** DATASET CONTENT **
=== Section Start ===
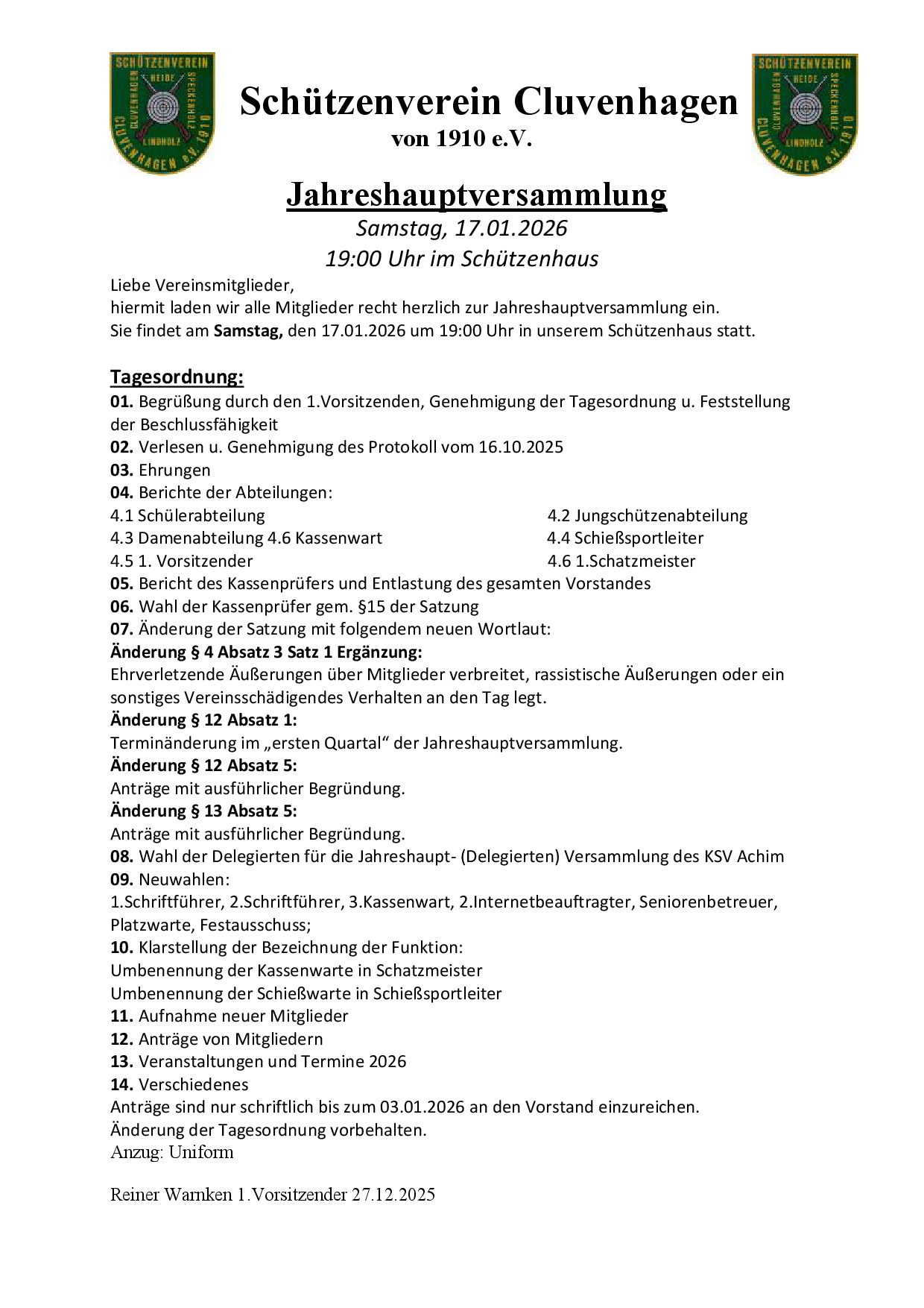Ergebnisse Vereinsmeisterschießen Kleinkaliber 2025
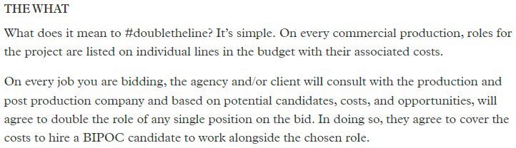 Meta was producing a TV commercial with the ad agency BBDO and the production company Something Ideal, Inc. AICP’s members are responsible for 80-85% of all motion picture ads in the United States. The AICP created the Double the Line program, which creates extra positions on set only for “BIPOC” individuals.
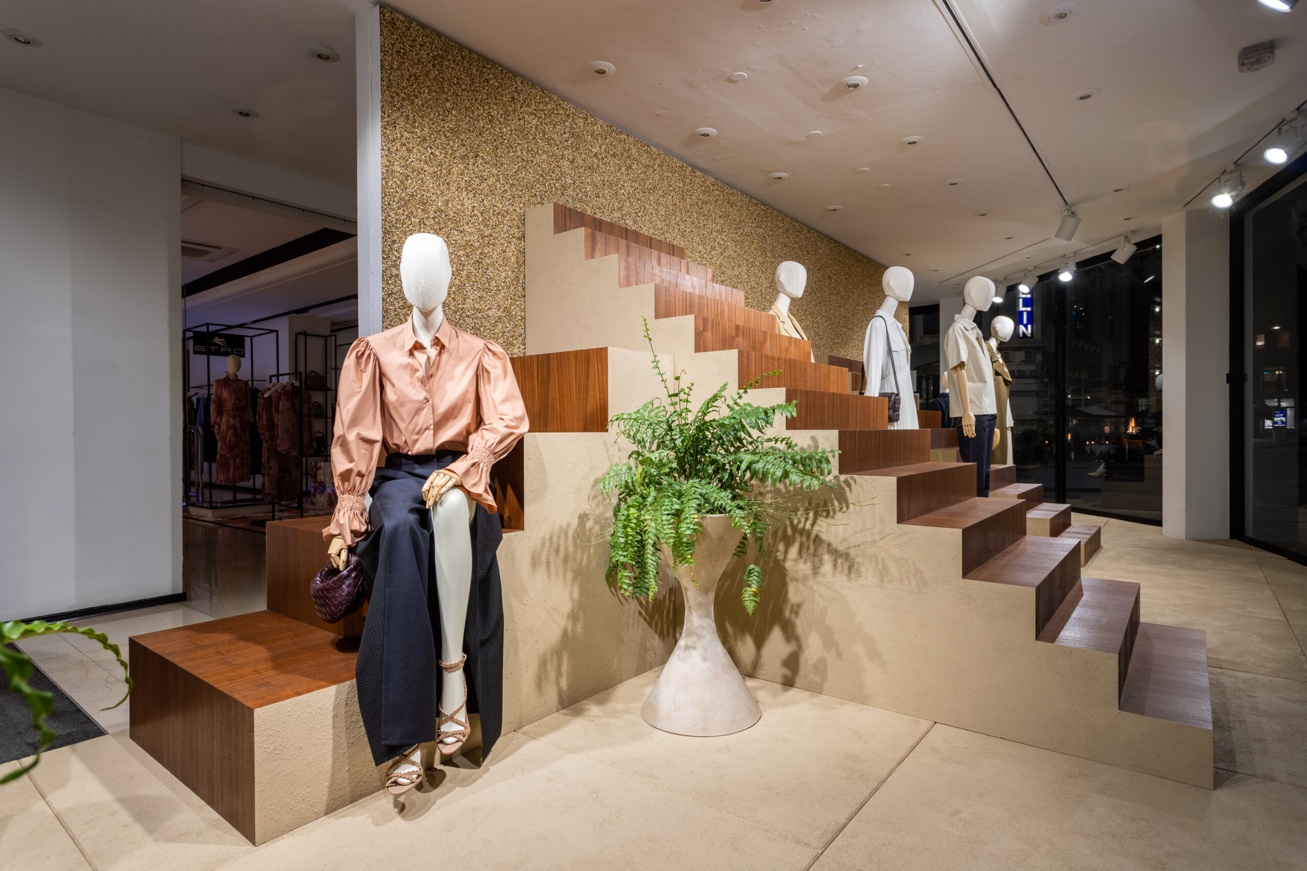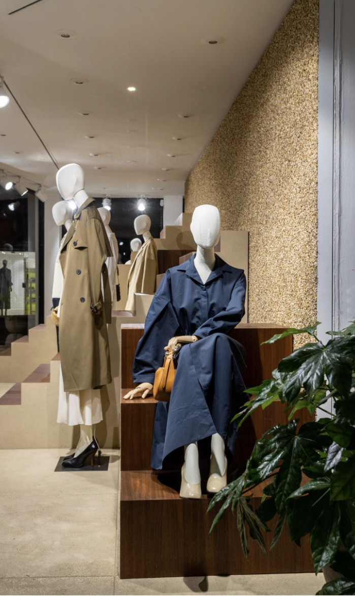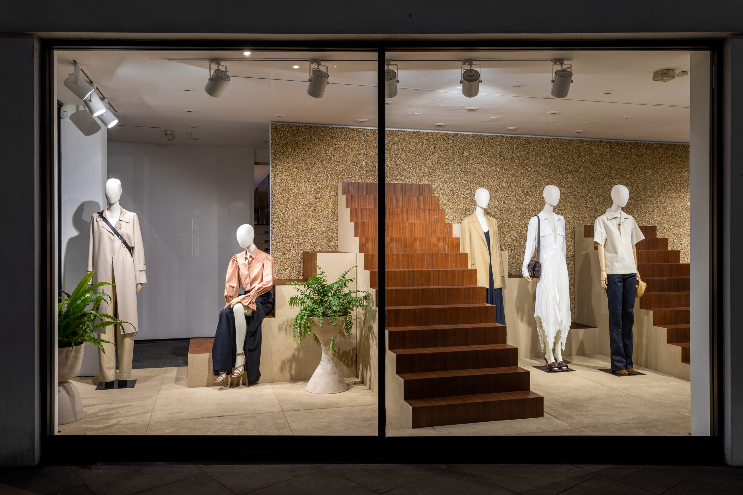 Defined by clean lines and strong geometry, the stepped forms introduced rhythm, symmetry and shadow, forming an abstract yet elegant backdrop for the collection. The interplay of light across the structure enhanced the depth and visual impact, drawing attention from the street.
=== Section End ===
** BRIEF **
Pictures excluded, copy the lines exactly from where the material starts to the line with "Meta was producing", inclusive.

** ANSWER **
Ergebnisse Vereinsmeisterschießen Kleinkaliber 2025
 Meta was producing a TV commercial with the ad agency BBDO and the production company Something Ideal, Inc. AICP’s members are responsible for 80-85% of all motion picture ads in the United States. The AICP created the Double the Line program, which creates extra positions on set only for “BIPOC” individuals.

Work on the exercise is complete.